Good day beautiful people, My gist is one that happened to me few years back. My parents are igbo but lived in Kano. I am the last child, and my igbo is horrible (I understand and cant speak ) most people mistake me for a hausa girl. My parent ensured that all their children school at the east.  

   I went to write post UTME at the Imo state university,my elder sister Munachi who was a student already at the school wanted to turn me to mugu but I was stingy (aka superglue) money no dey leave my hand without proper investigation. We were always fighting about money issue,it was time to leave and I was still having much money left. I decided to give this girl 5K but she wasnt satisfied,she kept complaining even as we got to the park. 

 She kept yabbing me. If you grow at the north,you know "waka" is a normal thing,na so I give her " waka"  with my both hands. All of a sudden,one old woman grabbed my hand and started talking plenty, I was confused until she said why will I insult this girl's mother. I could not reply because I didnt know how to put the sentence together, Na so my witch sister start to cry o,say I owe her money and I no gree pay and her mother don die. Ha! I have never been confused my entire life like that day, "Muna!, Mama are kano ko wenni?".
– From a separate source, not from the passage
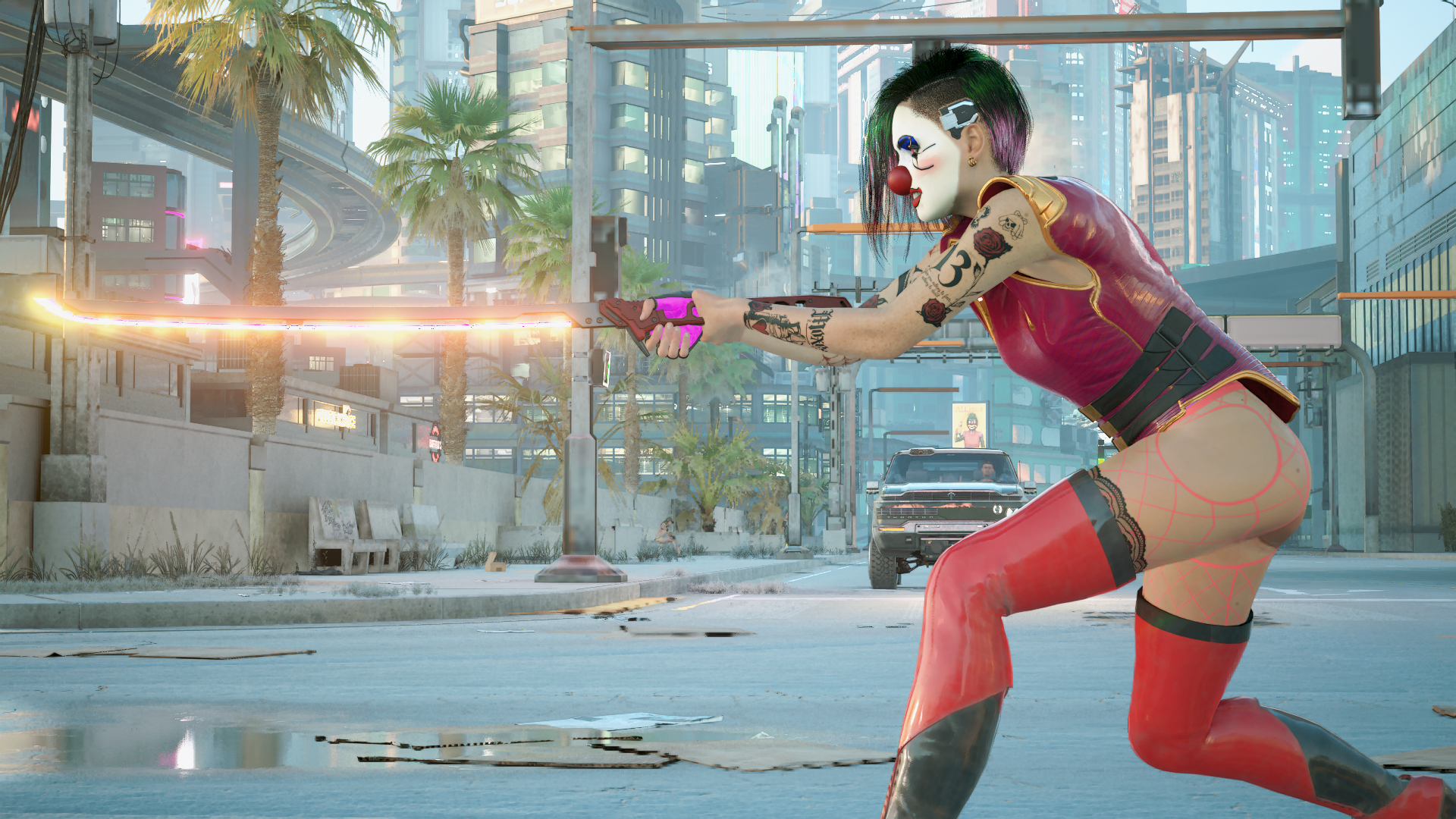 «Злой клоун» со светящейся катаной.

 Muna was crying seriously,the old woman was insulting my parent for not training  me well,people started talking on my head and the only thing coming out of my mouth was "mama uba! Ba haka bane" (igbo and hausa together) mama starting calling me "onye hausa" "ewu kano" I just started crying too. 

They come say make I pay Muna her money and tell her sorry. I gave my sister another 5k,with anger na I shout "shegiya wawiya sai baba yaji,Allah za ki mutu " na so those park children start to whispering "Allah,Allah?!". Nobody tell me I just run enter the bus, for the bus those elderly women just they eye me. When I told my parent what happened,na so my mother say over her dead body I go school for east before them kill me. Munachi and her father act their own film.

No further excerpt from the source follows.